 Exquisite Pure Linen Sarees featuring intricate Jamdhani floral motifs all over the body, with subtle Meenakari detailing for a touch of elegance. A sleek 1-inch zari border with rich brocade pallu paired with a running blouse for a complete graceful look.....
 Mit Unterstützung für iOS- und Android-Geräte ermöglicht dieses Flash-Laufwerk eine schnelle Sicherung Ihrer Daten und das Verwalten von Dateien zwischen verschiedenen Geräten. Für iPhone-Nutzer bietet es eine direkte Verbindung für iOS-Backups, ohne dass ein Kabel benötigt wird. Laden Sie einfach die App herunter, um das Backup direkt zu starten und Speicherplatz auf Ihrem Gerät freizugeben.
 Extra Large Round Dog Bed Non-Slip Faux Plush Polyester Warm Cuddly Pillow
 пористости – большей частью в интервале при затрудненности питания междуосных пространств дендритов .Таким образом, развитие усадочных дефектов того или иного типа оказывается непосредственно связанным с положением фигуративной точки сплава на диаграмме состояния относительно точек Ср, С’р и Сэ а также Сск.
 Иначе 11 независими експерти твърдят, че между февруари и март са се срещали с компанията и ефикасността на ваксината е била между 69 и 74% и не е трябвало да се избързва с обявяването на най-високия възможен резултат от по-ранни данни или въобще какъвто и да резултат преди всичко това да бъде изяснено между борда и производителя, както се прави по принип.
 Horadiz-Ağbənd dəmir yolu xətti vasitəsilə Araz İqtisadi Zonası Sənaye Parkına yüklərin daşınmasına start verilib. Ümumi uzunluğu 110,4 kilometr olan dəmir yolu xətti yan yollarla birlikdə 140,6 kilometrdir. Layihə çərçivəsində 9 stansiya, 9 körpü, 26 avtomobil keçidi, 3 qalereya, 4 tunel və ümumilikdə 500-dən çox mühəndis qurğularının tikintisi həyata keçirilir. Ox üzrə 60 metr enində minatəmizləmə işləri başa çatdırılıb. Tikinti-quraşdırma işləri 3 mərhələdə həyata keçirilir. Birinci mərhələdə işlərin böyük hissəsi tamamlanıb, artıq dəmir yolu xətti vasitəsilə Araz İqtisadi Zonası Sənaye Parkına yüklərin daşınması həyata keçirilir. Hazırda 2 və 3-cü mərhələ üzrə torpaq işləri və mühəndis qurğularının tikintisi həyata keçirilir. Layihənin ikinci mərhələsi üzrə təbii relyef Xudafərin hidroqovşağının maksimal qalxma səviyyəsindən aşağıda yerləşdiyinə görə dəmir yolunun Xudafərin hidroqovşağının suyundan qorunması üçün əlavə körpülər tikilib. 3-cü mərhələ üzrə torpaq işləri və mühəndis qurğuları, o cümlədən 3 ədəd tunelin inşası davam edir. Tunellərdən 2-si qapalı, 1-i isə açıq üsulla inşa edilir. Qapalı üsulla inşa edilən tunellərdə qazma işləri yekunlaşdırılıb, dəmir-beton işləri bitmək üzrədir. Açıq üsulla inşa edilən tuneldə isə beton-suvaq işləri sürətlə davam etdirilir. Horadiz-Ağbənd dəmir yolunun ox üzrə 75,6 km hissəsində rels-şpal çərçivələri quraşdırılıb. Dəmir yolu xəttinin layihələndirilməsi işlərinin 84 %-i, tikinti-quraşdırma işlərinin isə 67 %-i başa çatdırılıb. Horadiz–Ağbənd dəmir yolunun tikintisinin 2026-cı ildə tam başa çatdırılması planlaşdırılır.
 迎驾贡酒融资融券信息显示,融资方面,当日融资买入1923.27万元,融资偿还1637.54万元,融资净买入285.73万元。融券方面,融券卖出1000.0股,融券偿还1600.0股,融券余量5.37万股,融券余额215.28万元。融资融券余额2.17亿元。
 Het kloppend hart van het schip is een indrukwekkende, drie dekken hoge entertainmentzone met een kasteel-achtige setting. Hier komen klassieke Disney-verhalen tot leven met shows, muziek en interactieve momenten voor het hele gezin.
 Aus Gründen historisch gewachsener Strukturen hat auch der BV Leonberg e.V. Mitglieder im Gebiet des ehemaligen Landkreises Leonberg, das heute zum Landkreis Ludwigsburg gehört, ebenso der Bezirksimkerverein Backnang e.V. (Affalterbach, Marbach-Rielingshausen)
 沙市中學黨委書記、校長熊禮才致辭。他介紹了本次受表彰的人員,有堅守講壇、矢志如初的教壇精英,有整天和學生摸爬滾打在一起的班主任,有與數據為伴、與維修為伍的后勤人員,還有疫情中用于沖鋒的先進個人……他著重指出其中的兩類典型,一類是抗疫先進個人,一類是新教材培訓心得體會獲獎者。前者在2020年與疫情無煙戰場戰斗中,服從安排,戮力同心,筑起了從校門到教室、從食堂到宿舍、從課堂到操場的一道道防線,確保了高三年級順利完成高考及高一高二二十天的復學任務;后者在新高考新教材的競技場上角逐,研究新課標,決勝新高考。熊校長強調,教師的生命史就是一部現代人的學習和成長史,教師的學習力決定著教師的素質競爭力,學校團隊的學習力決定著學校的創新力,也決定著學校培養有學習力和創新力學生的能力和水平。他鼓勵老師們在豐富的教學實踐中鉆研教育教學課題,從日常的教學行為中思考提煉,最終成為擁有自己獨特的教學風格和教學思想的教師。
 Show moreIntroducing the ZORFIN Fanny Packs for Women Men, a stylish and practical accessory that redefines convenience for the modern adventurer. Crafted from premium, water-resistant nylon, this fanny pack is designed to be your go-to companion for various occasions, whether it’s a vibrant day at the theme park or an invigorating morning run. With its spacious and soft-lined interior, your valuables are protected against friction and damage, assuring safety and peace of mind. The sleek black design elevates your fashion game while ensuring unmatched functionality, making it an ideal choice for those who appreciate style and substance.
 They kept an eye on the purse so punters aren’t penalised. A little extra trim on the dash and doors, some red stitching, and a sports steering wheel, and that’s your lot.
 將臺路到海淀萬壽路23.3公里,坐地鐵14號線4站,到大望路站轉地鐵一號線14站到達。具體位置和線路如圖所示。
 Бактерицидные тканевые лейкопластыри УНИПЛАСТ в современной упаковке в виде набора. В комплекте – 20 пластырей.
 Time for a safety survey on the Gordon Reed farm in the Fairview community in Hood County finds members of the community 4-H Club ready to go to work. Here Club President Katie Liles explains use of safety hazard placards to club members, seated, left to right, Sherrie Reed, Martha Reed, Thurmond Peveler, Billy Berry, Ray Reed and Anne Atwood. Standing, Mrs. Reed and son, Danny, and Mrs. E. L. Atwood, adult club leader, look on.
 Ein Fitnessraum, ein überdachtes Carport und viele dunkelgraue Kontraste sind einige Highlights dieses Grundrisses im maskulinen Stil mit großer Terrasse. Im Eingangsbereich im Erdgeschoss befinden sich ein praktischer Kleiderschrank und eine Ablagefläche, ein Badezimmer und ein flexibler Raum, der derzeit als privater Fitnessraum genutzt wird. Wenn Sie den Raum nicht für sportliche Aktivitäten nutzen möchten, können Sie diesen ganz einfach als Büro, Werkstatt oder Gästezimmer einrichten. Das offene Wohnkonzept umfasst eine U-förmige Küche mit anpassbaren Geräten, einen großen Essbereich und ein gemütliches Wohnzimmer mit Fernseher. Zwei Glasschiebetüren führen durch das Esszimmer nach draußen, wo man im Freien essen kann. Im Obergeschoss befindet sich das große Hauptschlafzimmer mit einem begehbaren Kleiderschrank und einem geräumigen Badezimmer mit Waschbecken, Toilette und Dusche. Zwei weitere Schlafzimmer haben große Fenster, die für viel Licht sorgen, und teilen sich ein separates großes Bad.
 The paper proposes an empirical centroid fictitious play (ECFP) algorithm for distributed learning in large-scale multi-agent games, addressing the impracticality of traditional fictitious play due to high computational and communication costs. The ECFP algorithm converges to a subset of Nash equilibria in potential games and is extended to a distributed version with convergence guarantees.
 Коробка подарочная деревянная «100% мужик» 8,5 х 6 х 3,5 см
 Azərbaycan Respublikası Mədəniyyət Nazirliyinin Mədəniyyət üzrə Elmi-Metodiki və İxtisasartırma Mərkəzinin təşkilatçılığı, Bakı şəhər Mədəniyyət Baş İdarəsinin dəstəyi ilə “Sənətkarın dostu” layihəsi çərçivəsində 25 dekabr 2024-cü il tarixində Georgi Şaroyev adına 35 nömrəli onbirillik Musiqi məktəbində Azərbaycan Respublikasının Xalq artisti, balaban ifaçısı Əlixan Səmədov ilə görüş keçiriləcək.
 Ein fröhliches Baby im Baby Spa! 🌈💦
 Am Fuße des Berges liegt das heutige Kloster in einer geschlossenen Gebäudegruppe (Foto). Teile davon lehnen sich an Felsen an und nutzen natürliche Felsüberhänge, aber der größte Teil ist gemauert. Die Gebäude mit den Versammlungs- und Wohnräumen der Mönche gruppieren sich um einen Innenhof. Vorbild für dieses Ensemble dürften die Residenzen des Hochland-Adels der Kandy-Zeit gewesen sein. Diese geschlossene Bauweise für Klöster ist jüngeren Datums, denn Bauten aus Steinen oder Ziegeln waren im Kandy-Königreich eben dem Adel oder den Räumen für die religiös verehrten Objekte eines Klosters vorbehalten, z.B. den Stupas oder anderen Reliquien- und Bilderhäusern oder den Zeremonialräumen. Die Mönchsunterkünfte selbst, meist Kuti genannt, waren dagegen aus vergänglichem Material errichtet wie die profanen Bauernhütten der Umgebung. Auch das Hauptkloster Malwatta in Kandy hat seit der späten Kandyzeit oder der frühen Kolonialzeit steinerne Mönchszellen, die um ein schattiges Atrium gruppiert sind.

***

**Aim of the exercise:** Return a word-for-word copy of the lines from the beginning of the listing to the line holding "пористости – большей", both kept.

**Written solution:**
 Exquisite Pure Linen Sarees featuring intricate Jamdhani floral motifs all over the body, with subtle Meenakari detailing for a touch of elegance. A sleek 1-inch zari border with rich brocade pallu paired with a running blouse for a complete graceful look.....
 Mit Unterstützung für iOS- und Android-Geräte ermöglicht dieses Flash-Laufwerk eine schnelle Sicherung Ihrer Daten und das Verwalten von Dateien zwischen verschiedenen Geräten. Für iPhone-Nutzer bietet es eine direkte Verbindung für iOS-Backups, ohne dass ein Kabel benötigt wird. Laden Sie einfach die App herunter, um das Backup direkt zu starten und Speicherplatz auf Ihrem Gerät freizugeben.
 Extra Large Round Dog Bed Non-Slip Faux Plush Polyester Warm Cuddly Pillow
 пористости – большей частью в интервале при затрудненности питания междуосных пространств дендритов .Таким образом, развитие усадочных дефектов того или иного типа оказывается непосредственно связанным с положением фигуративной точки сплава на диаграмме состояния относительно точек Ср, С’р и Сэ а также Сск.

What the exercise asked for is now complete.